Conférence AVEF Jr de Lyon : Diagnostic et Pronostic de l’arthrose

08/12/2023

AVEF Junior - Non classé

Le fin de l’année approchant à grands pas, l’AVEF Jr de Lyon vous propose de revenir sur les derniers évènements organisés chez eux.

L’année scolaire a commencé par une conférence sur la « gale de boue » présentée par Dr Marion Mosca, le 17 octobre à 19h. Nous avons repris pas à pas la démarche diagnostique face à ce que nos propriétaires appellent « gale de boue » afin de ne plus confondre aucun affection dermatologique !

Les étudiants lyonnais ont ensuite pu découvrir le Haras de Beligneux le 16 novembre (Article publié), avant que les premières années assistent au TP de l’examen clinique du cheval, présenté par  le professeur J.-L. Cadoré. Ce premier TP a eu lieu le 23 novembre au LERC. Une vingtaine d’étudiants ont pu en profiter pendant les deux sessions proposées. Ils ont appris les repères anatomiques importants et les gestes techniques fondamentaux de l’examen clinique (observation, palpation, percussion, auscultation).
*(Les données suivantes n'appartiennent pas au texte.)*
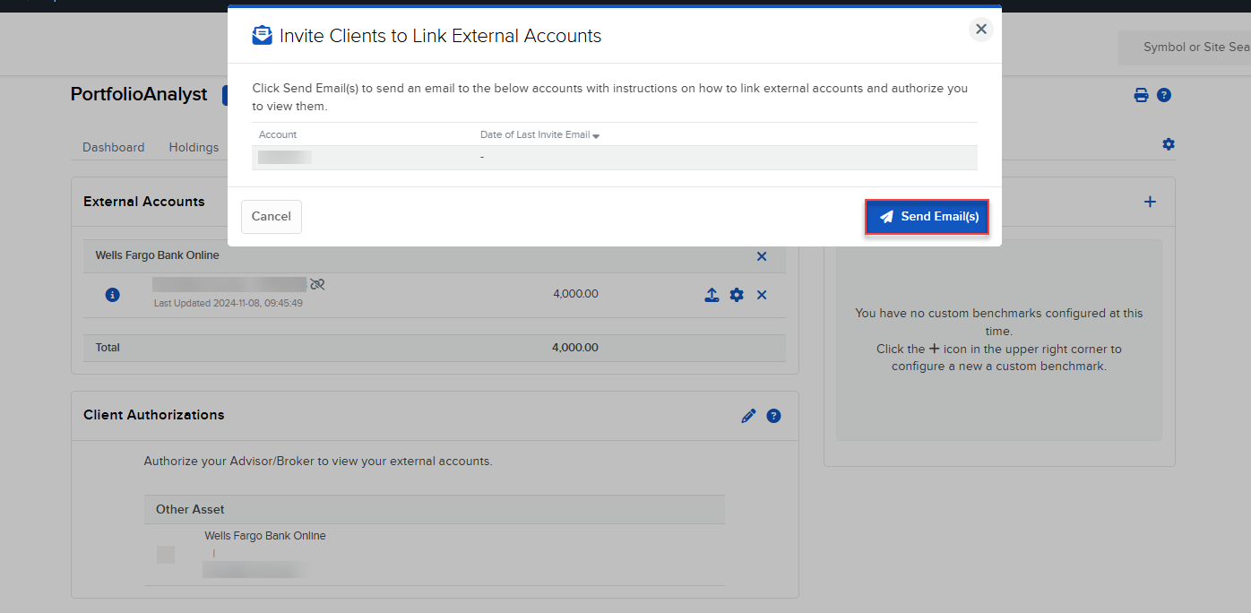 Click the Send Emails button to send an email to the listed client with instructions on how to link external accounts and authorize you to view them.

Enfin, le 15 novembre à 19h, Dr M. Schramme et Dr M. Gangl ont présenté une conférence sur le diagnostic, les traitements et le pronostic de l’arthrose. Environ 30 étudiants étaient présents en amphithéâtre à Lyon et environ 25 personnes ont suivi la conférence en distanciel. Le replay sera disponible sur la plateforme.

Introduction

Quelques conseils pour commencer :

  • Le repos peut être mauvais pour les athlètes
  • Il faut éviter les changements de routine (hauteur d’obstacle, ferrure, etc)

Le moindre changement dans les habitudes du cheval de haut niveau peut déclencher une décompensation de problèmes subcliniques.

Bien sûr, le sport entraine un risque de maladie dégénérative.

 

Première partie : Approche théorique

Les différents types d’arthrose

Manifestation de l’arthrose lié à l’âge

  • Arthrose du boulet

Remaniements de l’os sous chondral induits par l’exercice répété

Diagnostic par IRM

  • Éparvin tarse
  • Arthrose AIPD

Du a un trop grand nombre d’infiltrations dans l’articulation : « osteoarthrosis medicamentosa »

  • Arthrose du Grasset

Problème secondaire à une lésion méniscale

  • Arthrose des articulations synoviales intervertébrales

Arthrose des articulations cervicales

Arthrose des articulations thoracolombaire : avec le développement du scanner debout, on obtient de meilleures images donc cela est plus diagnostiqué qu’avant.

Arthrose des articulations sacroiliaques

 

Traitement

Objectif

  1. Gestion de la douleur (pour performer)
  2. Contrôle de l’inflammation (attention à soigner la cause)
  3. Maintenance de la fonction articulaire (physiothérapie et exercices légers à faible résistance – aquathérapie)
  4. Changements dans le régime d’exercice et l’entraînement : baisser la fréquence de compétitions, diminuer l’effort
  5. Médicaments intra-articulaires et chirurgie

 

Pourquoi sélectionner un médicament ?

  1. Puissance anti-inflammatoire
  2. Puissance analgésique
  3. Puissance viscosupplémentation
  4. Risque d’infection
  5. Puissance chondroprotectrice : prévention de la progression de la dégénération cartilagineuse et support de la guérison du cartilage
  6. Détection dopage

On peut différencier dans ces traitements les DMOADS (Disease Modifying Osteoarthritis Drugs) et les SMOADS (Structure Modifying Osteoarthritis Drugs).

 

Bisphosphonates

Tildren : il régule le métabolisme osseux par inhibition de la résorption osseuse. En effet, il bloque l’activité des ostéoclastes (+ analgésie dans l’os)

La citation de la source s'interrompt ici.